Cunha destaca que avanços em educação exigem planejamento de longo prazo, mas os incentivos no país têm levado as autoridades a tomar medidas visando resultados num horizonte mais curto. “Desde 1985, apenas três ministros da Educação ficaram no cargo mais do que dois anos: Murílio Hingel [governo Itamar Franco], Paulo Renato de Souza [nos dois mandatos de Fernando Henrique Cardoso] e Fernando Haddad [governos Luiz Inácio Lula da Silva e Dilma Rousseff ]”, diz Cunha, autor de vários estudos com James Heckman, Nobel de Economia em 2000, sobre a importância da educação infantil. “Não é um problema da equipe atual. É um problema institucional, pois os incentivos não estão corretos.” Para o país avançar no Programa Internacional de Avaliação de Estudantes (Pisa, na sigla em inglês), o trabalho deve ser de longo prazo, destaca ele. “Melhorar não no Pisa de 2018, mas no de 2030”, diz ele, para quem isso requer a melhora no desenvolvimento na primeira infância, o que exige mais integração nas áreas de saúde e educação.
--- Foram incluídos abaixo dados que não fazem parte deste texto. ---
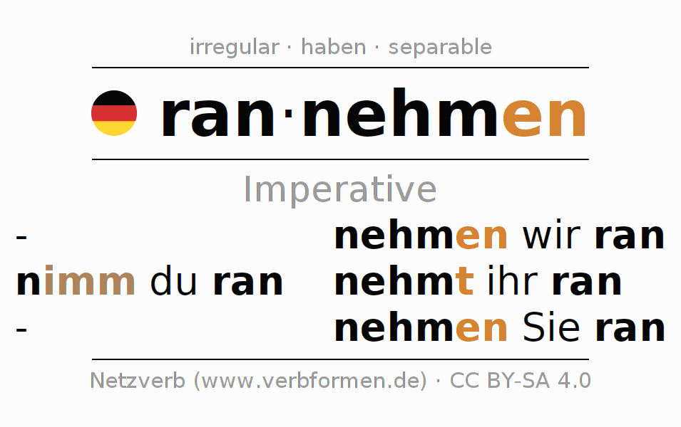 The conjugation of rannehmen (take on, accept) in the imperative is: nimm (du) ran, nehmen wir ran, nehmt (ihr) ran, nehmen Sie ran. The imperative is formed with the stem of present tense nehm. As an irregular verb there is the changed stem nimm in the second person singular. The endings -, -en, -t, -en are appended to the stem. The ending of the 2nd person singular has been shortened by one e, as the stem ends on m. The prefix ran- of rannehmen is separated.The personal pronoun is usually omitted in the 2nd person singular.The formation of the forms corresponds to the grammatical rules for the conjugation of the verbs in imperative. Comments ☆

“Não se trata apenas de construir creches; trata-se de aumentar a quantidade e melhorar a qualidade das interações entre crianças e os pais. O segundo ponto é melhorar a formação dos professores brasileiros.” No Pisa de 2015, os estudantes brasileiros tiveram mais uma vez um desempenho decepcionante, bem inferior ao da média dos países da Organização para a Cooperação e Desenvolvimento Econômico (OCDE).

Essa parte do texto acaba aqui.